Content Marketing could be supplanting the traditional corporate blog
A UMass Dartmouth study appears to show that corporate blogging is declining, although the data is somewhat inconclusive in this regard. In fact, researcher Nora Barnes who has been following Fortune 500 company blogs since 2007 found that overall blogging remained steady at 23 percent among Fortune 500 companies between 2010 and 2011.
Although the numbers are very close for the last two years, she still interpreted this to mean that corporate blogging has peaked, and companies are moving on to other social media tools such as LinkedIn and Facebook.
Barnes defined blogging as she has always done dating back to 2007 when she began looking at the data. "A company was counted as having a blog if they had a public-facing corporate blog from the primary corporation with posts in the past 12 months."

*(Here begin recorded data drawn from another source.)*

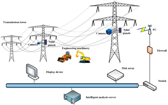 Stable and reliable operation of the power system is the fundamental guarantee for the development of power supply security. As an important part of the power supply system, the security of overhead high-voltage transmission lines is closely related to the normal operation of the entire power system. Since the power supply distance is so long, the overhead high-voltage transmission line frequently passes through cities and suburbs, where construction sites are often presented. In recent years, with the development of the construction of urban infrastructure, the area of power supply protection is constantly invaded by various engineering vehicles, especially bulldozers and excavators, which often damage the transmission equipment and pose a serious threat to the security of the power supply. To avoid this kind of external force damage, in the past, the power supply departments would carry out on-site monitoring using video surveillance by attendants and there is no intelligence analysis during this procedure, which increases the fatigue of the monitoring attendants. Meanwhile, the limited human resources cannot meet the needs of the growing scale of power grid monitoring. How to effectively avoid the external force damage caused by engineering vehicles is a challenging problem that researchers urgently need to solve. Recently, several kinds of methods for monitoring power supply areas have been developed that we can use for reference. Surface wave sensors [1] can detect open circuit faults on power cables but are not suitable for early warning of external force damage. Inspection methods based on manned aerial vehicles [2,3] are able to inspect long-distance overhead high-voltage transmission lines within a short time, whereas the disadvantages of this kind of method are equally obvious, which can produce high accident risk and high inspection cost. Another alternative approach to power line inspection is based on unmanned aerial vehicles. Larrauri et al. [4] propose an automatic system to inspect overhead power lines using an unmanned aerial vehicle, which can detect and identify distances and fault location by image processing technology. Luque-Vega et al. [5] propose another unmanned aerial system using the quad rotor helicopter to inspect the devices and components in the high-voltage power line corridors, which use a color camera and a thermal infrared camera. The above methods focus on fault detection and are not very suitable for external force damage detection. Of course, we can also detect engineering vehicles using aerial systems, however, these kinds of methods are often based on the cycle patrol mode, which has difficulty monitoring moving objects in a fixed area in real time.
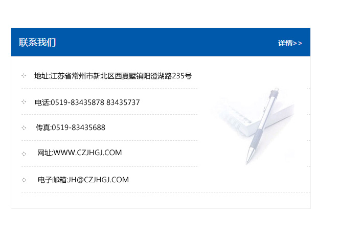 傳真:0519-83435688    郵編:213135    網(wǎng)址:WWW.czjhgj_com.kec188.com    電子郵箱:JH@czjhgj_com.kec188.com
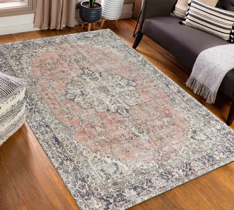 トルコのウシャクの影響を受けたヴィンテージメダリオンデザインプリントラグ
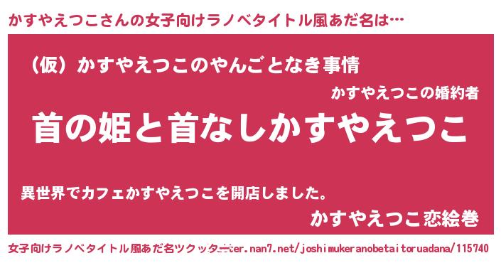 | 男性向けラノベタイトル風あだ名 | 『はたらくかすやえつこさま!』 |
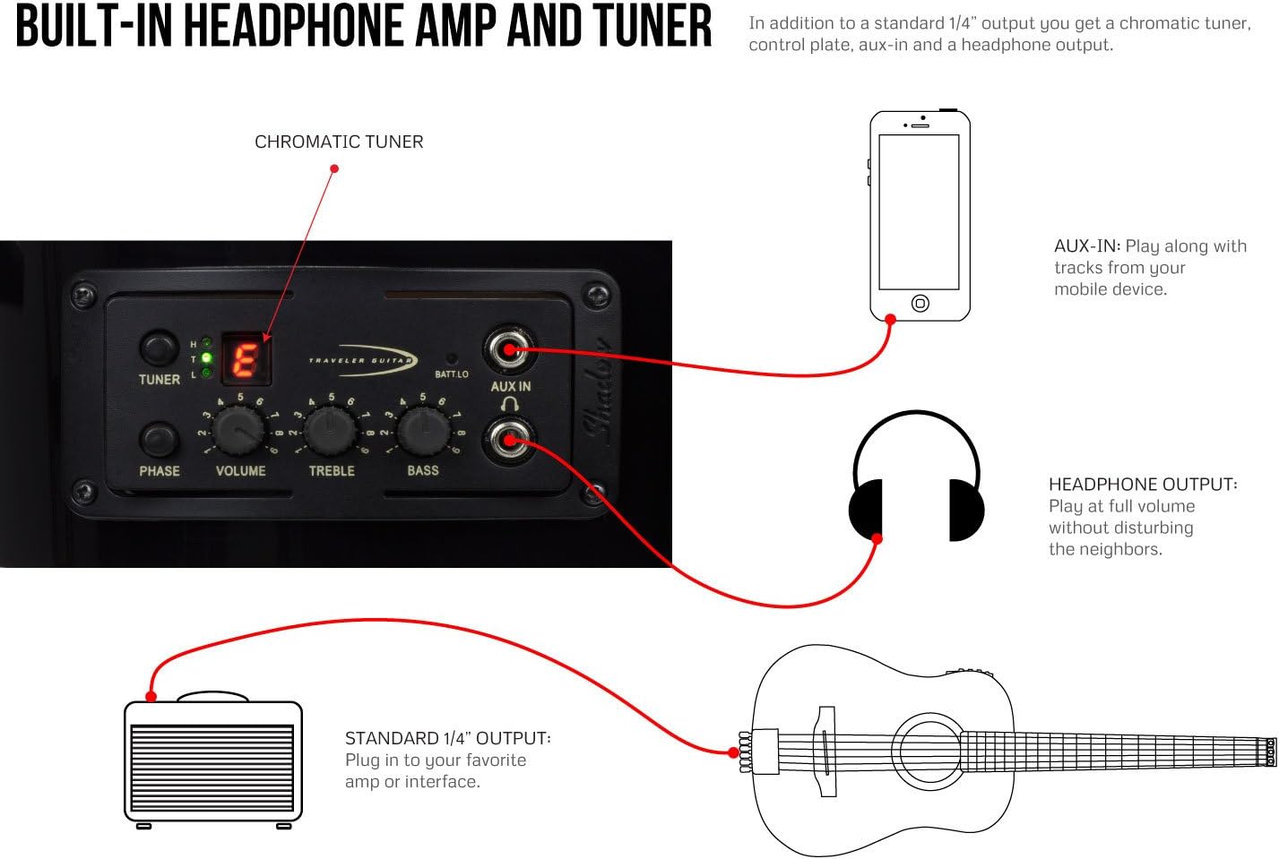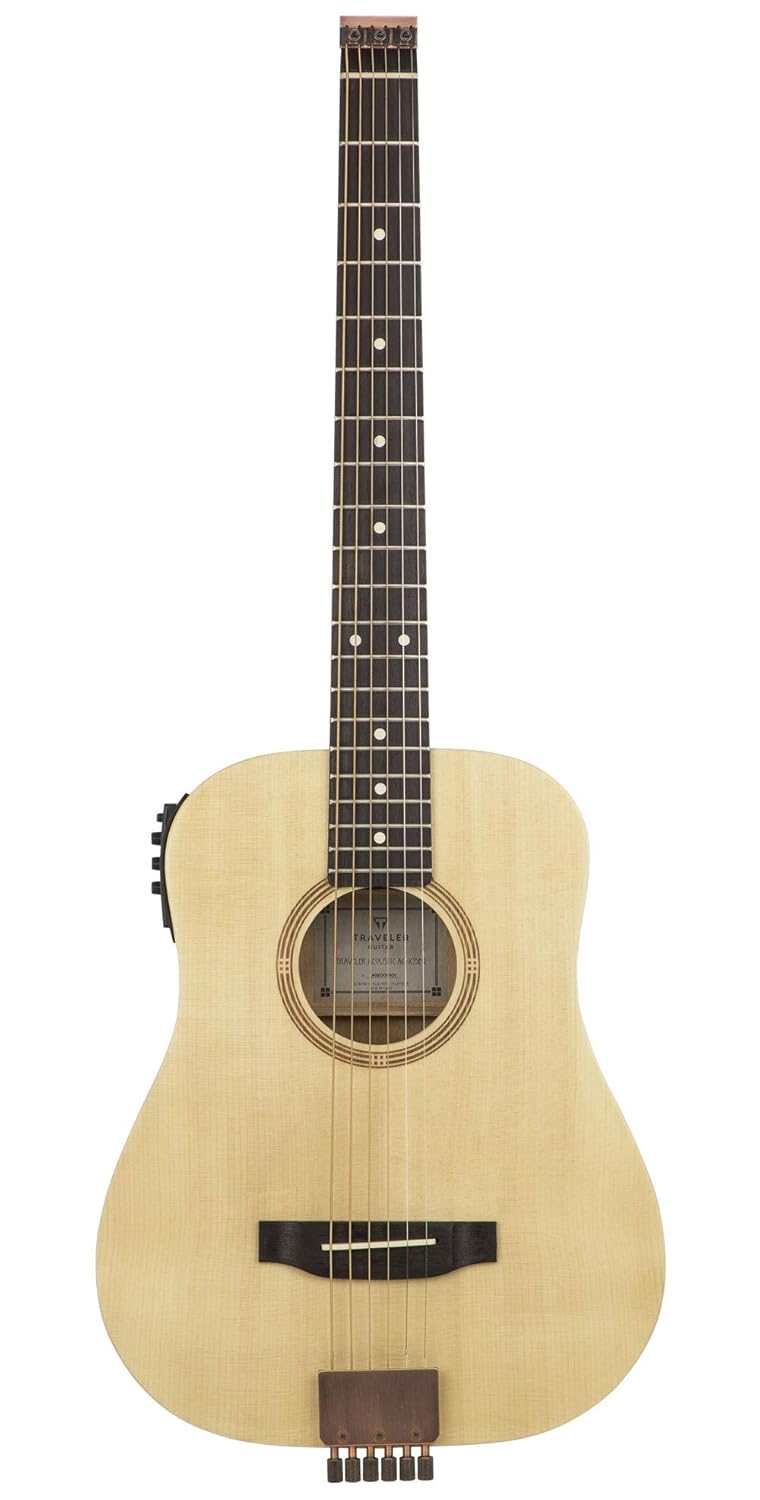 Another 40+ Traveler Acoustic Guitar Ag 200Eq. Traveler guitars have built their reputation on quality compact travel friendly instruments, gaining the trust of both professionals and hobbyists alike. Traveler guitar's streamline tuning system eliminates the need for a headstock, making the guitar smaller and better balanced than other travel acoustics. Fits easily in airline overhead compartments in the included deluxe gig bag. It's the ideal buddy for those who want something compact but cannot imagine playing on a guitar that's shorter than a full scale.

Fair enough, but I think perhaps how we define corporate content and how marketing departments in general deliver content, could be changing and that could account for the difference, however slight it might have been.
When I sent the report to Jeff Cutler, a Boston-based blogger who has written blogs for many corporate clients, he had this to say, "With a focused message, we're doing more content marketing than just 'blogging.'"
It sounded like Barnes was referring to a public facing corporate blog as opposed to a focused content marketing project that Cutler was referring to. It would actually be difficult to have the social media presence these companies seem to desire without some sort of content to drive the strategy. Whether you call that a blog or some other type of content, it still requires content to drive the marketing effort.
So it may be that corporate blogging has begun to wane, at least within the scope of Barnes' definition, or it may be that we are just not looking at it as blogging in the pure sense anymore. Whatever you call it, social media efforts require content.